Patterson House · Nashville · c. 2019

Elusive Dreams

Demi Natoli's pineapple-heavy riff on the Hotel Nacional Special, swapping in banana liqueur and a cinnamon-spiced backbone.

Elusive Dreams cocktail
Rum Shaken Tiki Nashville

The Elusive Dreams is a modern tiki cocktail created by bartender Demi Natoli at Patterson House in Nashville, later published in Chloe Frechette's 2020 book Easy Tiki: A Modern Revival. It's built as a direct riff on Cuba's classic Hotel Nacional Special — rum, pineapple, and lime — but Natoli swaps the traditional apricot liqueur for rich banana liqueur and doubles down on pineapple with both fresh juice and pineapple-infused rum. A cinnamon syrup layered underneath nods to Don the Beachcomber's old trick of hiding baking spice in a tropical sour. The result reads dessert-adjacent without tipping into cloying, which is a harder balance than it sounds.

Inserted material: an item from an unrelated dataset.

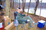 - Waffles stands by, ready to help Dave, while Ginger and Erin pull stuff out of the cooler

Same bones as a Hotel Nacional, dressed for a different decade.

A Nashville Riff on a Havana Classic

The Hotel Nacional Special — rum, pineapple, lime, and apricot liqueur — is one of the enduring pre-tiki sours out of Cuba, and it's the template Natoli started from at Patterson House. Rather than leave it alone, she pulled the apricot and dropped in banana liqueur, then leaned harder into pineapple by splitting the rum between a standard white rum and Plantation's pineapple-infused Stiggins' Fancy. Chloe Frechette's Easy Tiki picked up the recipe in 2020, which is where most bars now source it.

The cinnamon syrup is the detail worth paying attention to. It's a quiet homage to Don the Beachcomber, who famously buried baking spices in his own sours so the drink read complex without anyone being able to name why. Here it does the same job — the cinnamon rarely announces itself, but pull it out and the drink goes flat.

The Spec

Everything goes into the shaker together and gets strained cold into a coupe — there's no building or layering step, just a fast tropical sour with an unusually rich, spiced middle.

Elusive Dreams
Pineapple rum1 oz · ~20% Light rum1 oz · ~20% Pineapple juice1 oz · ~20% Lime juice3/4 oz · ~15% Cinnamon syrup3/4 oz · ~15% Banana liqueur1/2 oz · ~10%

Two rums, one job

The pineapple-infused rum and the plain white rum aren't there for contrast — they're both pushing the same direction, just from different angles. The infused rum carries pineapple all the way through the finish; the plain rum keeps the drink from turning into straight juice. A single rum at double the amount would work in a pinch, but the split gives more texture for the same proof.

Banana instead of apricot

Swapping apricot liqueur for banana liqueur is the whole hinge of this recipe — it's what separates the Elusive Dreams from just being a Hotel Nacional with extra pineapple. Banana liqueur brings more weight and a rounder sweetness than apricot ever would, which is why the drink needs the full 3/4 oz of lime to keep it from reading as dessert.

Don't skip the cinnamon

Cinnamon syrup is easy to treat as an optional garnish-adjacent flourish. It isn't. At 3/4 oz it's doing as much volume work as the lime juice, and it's the ingredient that keeps the banana liqueur from tasting one-note sweet.

Bottom Line

A well-documented, well-credited modern tiki build — real bartender, real bar, real book citation — that earns its spot by making one smart substitution (banana for apricot) and one quiet one (cinnamon syrup) instead of piling on ingredients for novelty's sake.